Icelandic Language Technology
SÍM (Consortium for Icelandic Language Technology) is a consortium of Icelandic universities, institutions, private companies and organizations that work on research and development within the programme Language Technology for Icelandic 2019-2023. SÍM works according to a contract with Almannarómur to develop core projects in language technology and submit deliverables (language resources, software and code) to Icelandic CLARIN.
Further information about the participants in the consortium can be found under the tab “About SÍM”, but Anna Björk Nikulásdóttir, project manager for SÍM, will answer all inquiries related to the programme and the consortium: anna@grammatek.com.
Here are all the software repositories associated with the deliverables of the programme, all software is released under open licenses.
Overview of core projects within the LT Programme
There are 6 core projects defined within the LT Programme which are to lay the foundation for the development of LT solutions for Icelandic. Here are links to all the software repositories of core projects that have been delivered so far in the programme:
Overview of Software Repositories
Language Resources
All language technology is based on language resources: texts and/or audio recordings. Those resources are necessary for language analysis, gathering vocabulary and finding rules and patterns in the language. Thus, based on language resources, it is possible to “teach” computers what matters for a specific type of software being developed, or let software find rules and patterns in a vast quantity og data. Work is being carried out within the LT programme on large collections of texts, and those collections are prepared for use in LT, both monolingual Icelandic texts and bilingual parallel corpora that contain Icelandic and English texts. There are also recordings of speech in large quantities, both through crowdsourcing Samrómur but also high quality recordings in a studio for the development of speech synthesizers. Work is also being done on databases that store information on individual aspects of the language, such as vocabulary, pronunciation and meaning.

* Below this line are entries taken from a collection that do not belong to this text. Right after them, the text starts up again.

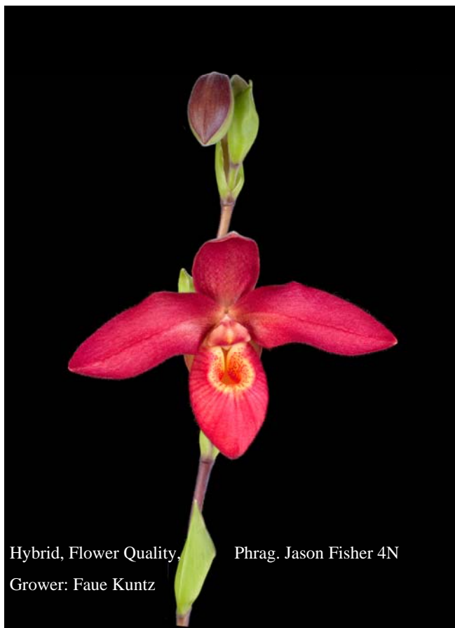
Hybrid, Flower Quality, Grower: Faue Kuntz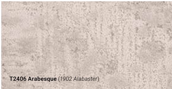
T2406 Arabesque (1902 Alabaster)

Inspired by the multi-directional lines and imprecise beauty of handwoven textiles, Arabesque adds a layer of texture with a slightly contemporary feel. Each of the collection's six fashionable shades is made with 100% solution-dyed fiber and built-in resistance to pet stains, soil and spills. Protected with a Lifetime Warranty.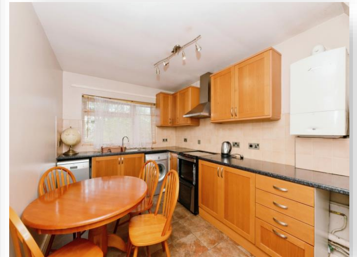
Andrews Lane, Cheshunt Waltham Cross EN7 6LH

Software Repositories for language resources
MIM-GOLD, training/testing sets
ParIce: English-Icelandic parallel corpus
Spell and grammar checking
Spell and grammar checking helps with correcting text, writing correctly and even in appropriate style. Spell and grammar checking also plays a crucial role in developing other LT software where errors in text can affect automatic text processing. The goal of the LT programme is to develop a general spell and grammar checker that can handle finding and correcting the most common errors found in Icelandic texts, and to create knowledge of the nature of typos that different groups make and develop methods to adapt the system to different needs, e.g. with regards to training and teaching.
Software Repositories for Spell and grammar checking
Support Tools
Although there are a lot of specific solutions within the world of LT, there are certain types of core software that are useful in all areas of LT. These are usually hidden tools that analyze basic units in texts, from analyzing what does and does not constitute a word, to analyzing complex grammatical and semantic context. All of these tools, which are not ready-made software solutions per se, but essential parts of language technology software and for data processing, are called support tools. Examples of support tools being worked on within the LT programme are a text tokenizer, a pos-tagger and parsers.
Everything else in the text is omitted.